Sagalés has been a prominent leader in several scientific societies and organizations. She was a founding member of the Spanish Sleep Society (SES), member of the Spanish Health Ministry Clinical Neurophysiology Commission, president and secretary of the Catalan Society for Clinical Neurophysiology, member of the executive committee for the European Chapter International Federation of Clinical Neurophysiology (IFCN), international delegate for the Spanish Society for Clinical Neurophysiology, and a prominent member of the European Sleep Research Society, where she co-founded the Forum for Women in Sleep Research.

== Research ==
The research career of Sagalés spans, among other, large-scale epidemiological studies, neurophysiological studies of neurological disorders like Multiple Sclerosis and Parkinson's, and the application of quantitative EEG for analyzing sleep microstructure.

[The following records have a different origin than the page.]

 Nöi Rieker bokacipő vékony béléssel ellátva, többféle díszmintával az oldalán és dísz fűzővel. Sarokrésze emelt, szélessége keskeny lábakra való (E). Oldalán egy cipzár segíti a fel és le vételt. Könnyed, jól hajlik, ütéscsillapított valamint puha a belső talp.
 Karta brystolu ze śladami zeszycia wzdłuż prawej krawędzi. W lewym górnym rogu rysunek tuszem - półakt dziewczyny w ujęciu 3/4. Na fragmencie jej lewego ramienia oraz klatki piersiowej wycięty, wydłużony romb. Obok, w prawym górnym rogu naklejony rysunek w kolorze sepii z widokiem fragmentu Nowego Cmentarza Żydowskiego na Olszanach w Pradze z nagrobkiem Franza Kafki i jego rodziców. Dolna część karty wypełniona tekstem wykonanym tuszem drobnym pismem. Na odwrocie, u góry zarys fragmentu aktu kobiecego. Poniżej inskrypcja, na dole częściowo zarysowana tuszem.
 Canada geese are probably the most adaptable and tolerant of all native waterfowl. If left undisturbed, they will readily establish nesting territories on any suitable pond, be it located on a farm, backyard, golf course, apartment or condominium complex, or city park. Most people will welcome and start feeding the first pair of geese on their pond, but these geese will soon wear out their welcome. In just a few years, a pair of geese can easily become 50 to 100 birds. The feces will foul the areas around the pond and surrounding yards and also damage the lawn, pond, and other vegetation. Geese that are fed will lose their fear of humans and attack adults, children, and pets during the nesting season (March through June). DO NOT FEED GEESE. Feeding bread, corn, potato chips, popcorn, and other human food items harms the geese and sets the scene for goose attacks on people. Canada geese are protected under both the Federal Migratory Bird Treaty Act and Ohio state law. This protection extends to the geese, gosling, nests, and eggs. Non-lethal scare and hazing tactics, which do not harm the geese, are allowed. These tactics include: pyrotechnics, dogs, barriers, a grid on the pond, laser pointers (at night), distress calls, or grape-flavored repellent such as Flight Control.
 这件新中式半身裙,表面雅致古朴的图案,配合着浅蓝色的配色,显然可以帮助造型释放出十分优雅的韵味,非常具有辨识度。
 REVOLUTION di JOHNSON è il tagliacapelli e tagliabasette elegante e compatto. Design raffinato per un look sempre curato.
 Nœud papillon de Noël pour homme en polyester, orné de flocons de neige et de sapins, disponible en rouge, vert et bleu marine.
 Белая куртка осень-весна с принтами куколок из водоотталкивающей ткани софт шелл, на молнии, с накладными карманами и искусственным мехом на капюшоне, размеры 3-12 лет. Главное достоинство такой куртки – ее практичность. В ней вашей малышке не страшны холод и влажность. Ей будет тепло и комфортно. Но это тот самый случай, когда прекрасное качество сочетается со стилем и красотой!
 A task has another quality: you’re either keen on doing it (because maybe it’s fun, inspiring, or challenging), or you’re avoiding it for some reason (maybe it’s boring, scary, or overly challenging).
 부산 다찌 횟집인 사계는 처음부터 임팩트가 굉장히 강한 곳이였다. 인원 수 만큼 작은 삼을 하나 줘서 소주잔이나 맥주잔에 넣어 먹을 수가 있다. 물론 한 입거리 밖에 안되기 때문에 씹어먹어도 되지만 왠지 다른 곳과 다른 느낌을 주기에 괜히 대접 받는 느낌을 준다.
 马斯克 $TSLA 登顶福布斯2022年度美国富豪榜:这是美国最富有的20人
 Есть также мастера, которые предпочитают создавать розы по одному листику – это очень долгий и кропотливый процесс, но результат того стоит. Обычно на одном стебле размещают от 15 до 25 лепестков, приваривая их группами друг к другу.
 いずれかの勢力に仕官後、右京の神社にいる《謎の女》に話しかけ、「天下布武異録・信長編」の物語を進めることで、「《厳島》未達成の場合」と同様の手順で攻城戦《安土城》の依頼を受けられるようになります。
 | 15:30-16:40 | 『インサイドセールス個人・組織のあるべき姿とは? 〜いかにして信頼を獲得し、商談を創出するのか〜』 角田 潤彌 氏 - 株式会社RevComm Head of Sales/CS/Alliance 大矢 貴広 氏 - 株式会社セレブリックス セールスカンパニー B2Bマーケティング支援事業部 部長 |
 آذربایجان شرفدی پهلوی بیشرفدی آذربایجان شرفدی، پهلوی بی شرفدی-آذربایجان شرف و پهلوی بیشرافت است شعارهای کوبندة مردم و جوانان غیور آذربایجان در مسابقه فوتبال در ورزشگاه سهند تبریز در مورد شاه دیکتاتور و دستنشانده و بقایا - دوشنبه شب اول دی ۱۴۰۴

Together with Maurice M Ohayon and other prominent sleep researchers, in 1997 Sagales developed and promoted the adoption of the Sleep-EVAL System as a standardized method to perform population studies on sleep health. Leveraging this methodology, she conducted the first systematic epidemiological studies of sleep patterns in the Spanish population, generating the first comprehensive data on the prevalence of insomnia across the Spanish population.

She has also contributed to reference works in sleep medicine, particularly in areas related to polysomnography, sleep monitoring, and diagnostic evaluation.

Besides her extensive research publication record, Sagales authored multiple sections of the reference textbook on sleep in Spain, "A treaty on sleep medicine".